A 1987 article in the Chicago Tribune describes Joe Bob Briggs as “the nation’s first and only drive-in movie critic.” The article goes on to note that Briggs was covering a unique beat, praising “scenes of decapitations, motor vehicle chases, rolling heads, rivers of blood, bared garbonzas and other staples of the B-movie industry” in a satirical fashion.

Born in Dallas and raised in Little Rock, John Bloom began his career as a writer at Texas Monthly, eventually landing a gig at the Dallas Times Herald. He created the Joe Bob Briggs persona as a way to explore the films and genres that were far off the usual beaten path of what the average critic would be writing about — and they certainly wouldn’t be covering them in this fashion.

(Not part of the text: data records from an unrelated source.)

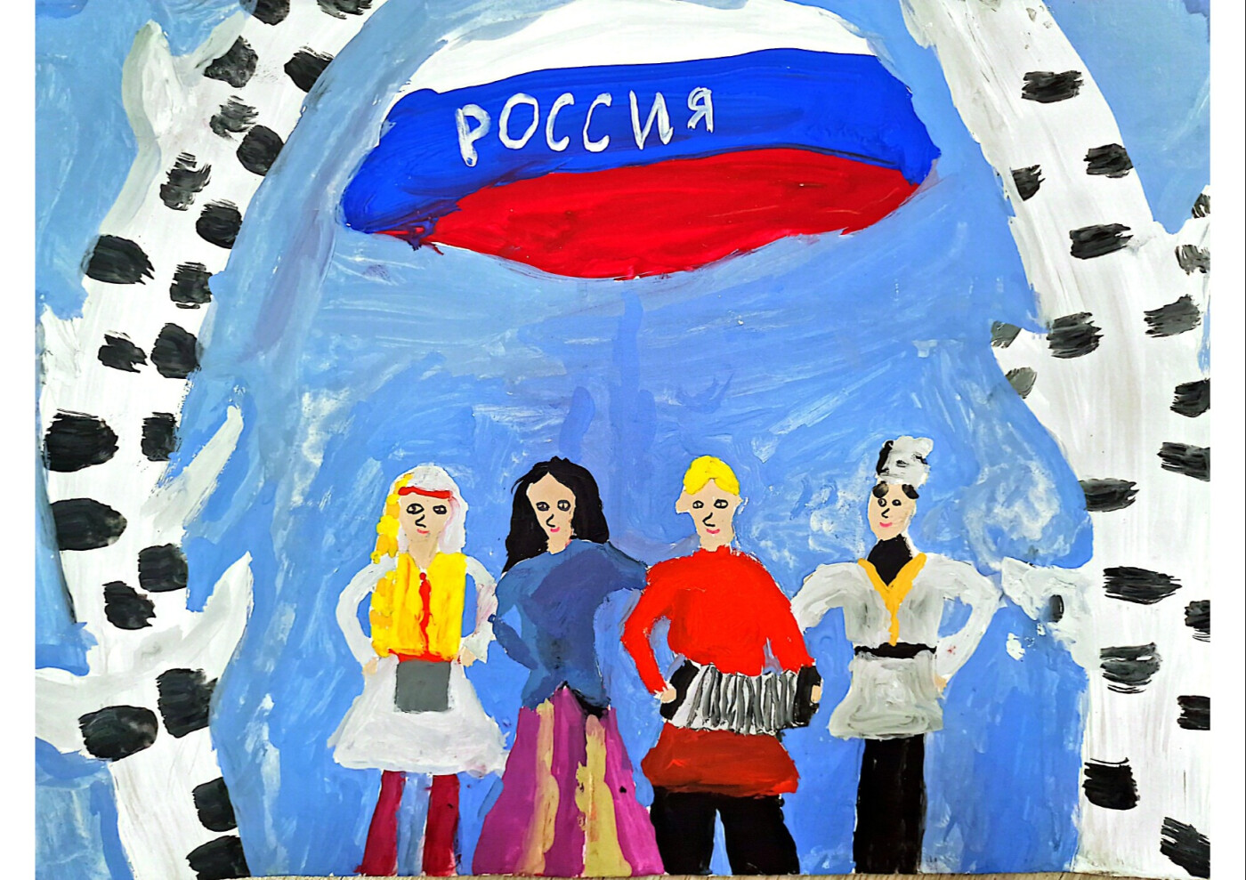 На рисунке изображены совершенно разные люди в традиционных костюмах, стоящие на фоне берез и российским флагом. Работа передает идею дружбы и единства народов нашей любимой страны, а также уважения к многоликой культуре
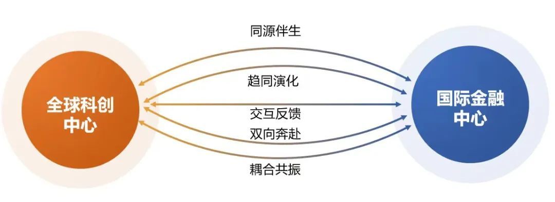这两个中心之所以重合度非常高,是因为金融支持是科创中心建设的核心要素之一,科创中心建设又会推动金融中心发展。两者之间存在正向反馈作用,能促进区域经济结构转型升级和产业能级跃迁。研究报告将“双中心”建设的关系概括为:同源伴生、趋同演化、交互反馈、双向奔赴和耦合共振。
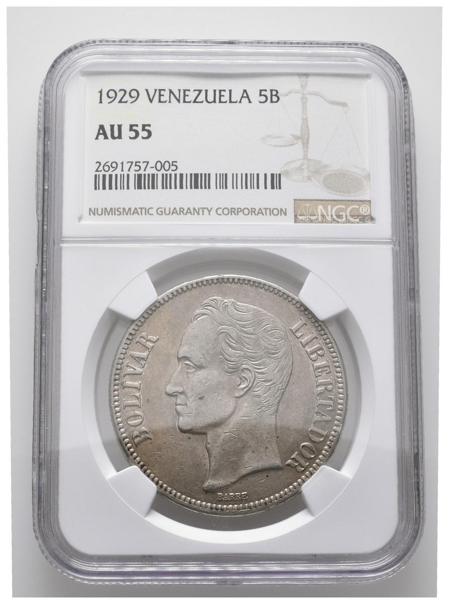 ESTADOS UNIDOS DE VENEZUELA. 5 Bolívares. (Ar. 25,00g/37mm). 1929. Philadelphia. (Km#Y24.2). Encapsulado NGC AU-55.
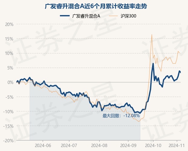 证券之星消息,11月6日,广发睿升混合A最新单位净值为0.7477元,累计净值为0.7477元,较前一交易日下跌0.48%。历史数据显示该基金近1个月下跌0.01%,近3个月上涨13.68%,近6个月上涨3.32%,近1年上涨2.19%。该基金近6个月的累计收益率走势如下图:
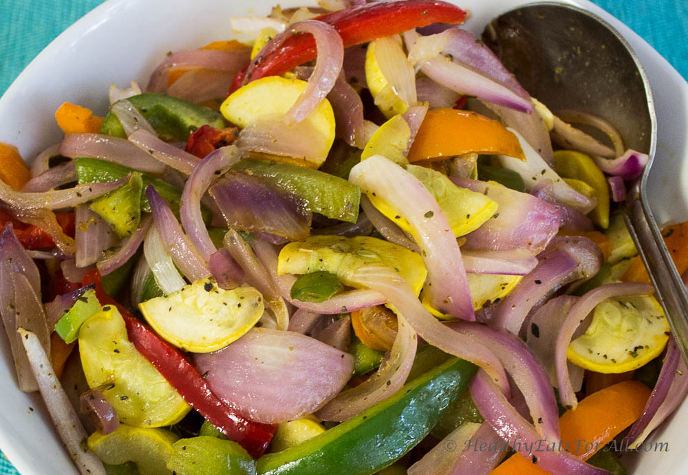 • Heat the pan and add about 1 ½ T olive oil. Add the vegetables, 1 t salt, and 1 t oregano. Sauté them for about 7-8 minutes. They should still be a bit crisp. Put them in a bowl.
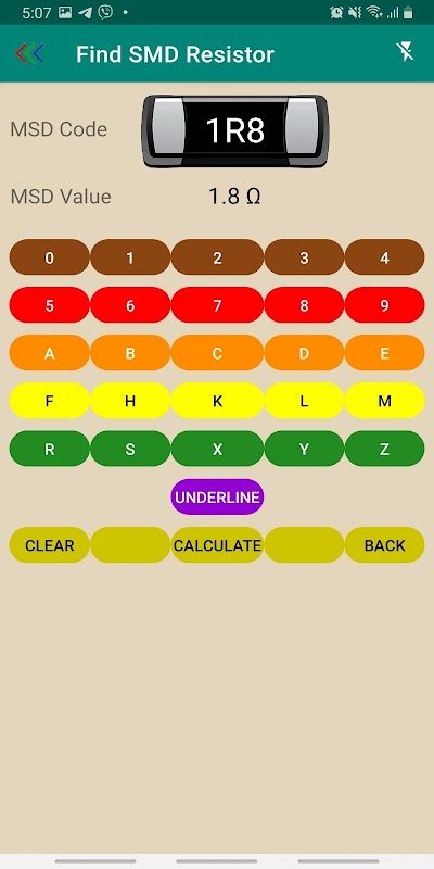 앱은 핸드셋 카메라를 사용하여 저항, MSD 및 커패시터를 스캔하여 값을 얻습니다.
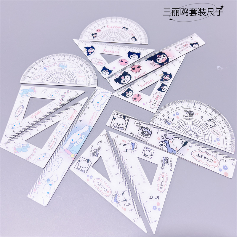 三麗鴎アクリル克洛米玉桂犬学生測定三角直尺円尺セット文房具測定尺

As he describes it, he was able to be an “outlaw,” offering exposure to a genre of films that were not only niche, but “despised.” But at the same time, there was an audience for those movies that had been neglected — his column quickly found eyeballs and later, a syndication deal that put it in newspapers across the United States.

From his initial beginnings in January of 1982, it was only a handful of years before someone hatched an idea that it was time for the public to get a chance to meet Joe Bob Briggs in the flesh.

“I was performing as Joe Bob at places like Kiwanis clubs. People would know the written stuff and they would ask me to do it,” Briggs recalls in a phone interview. “I would perform it in an exaggerated redneck voice at civic clubs, I think I did a couple of conventions. But it wasn’t paid jobs. It wasn’t anything professional.”

As it happens, Cleveland was where Briggs would do his first professional show in 1985.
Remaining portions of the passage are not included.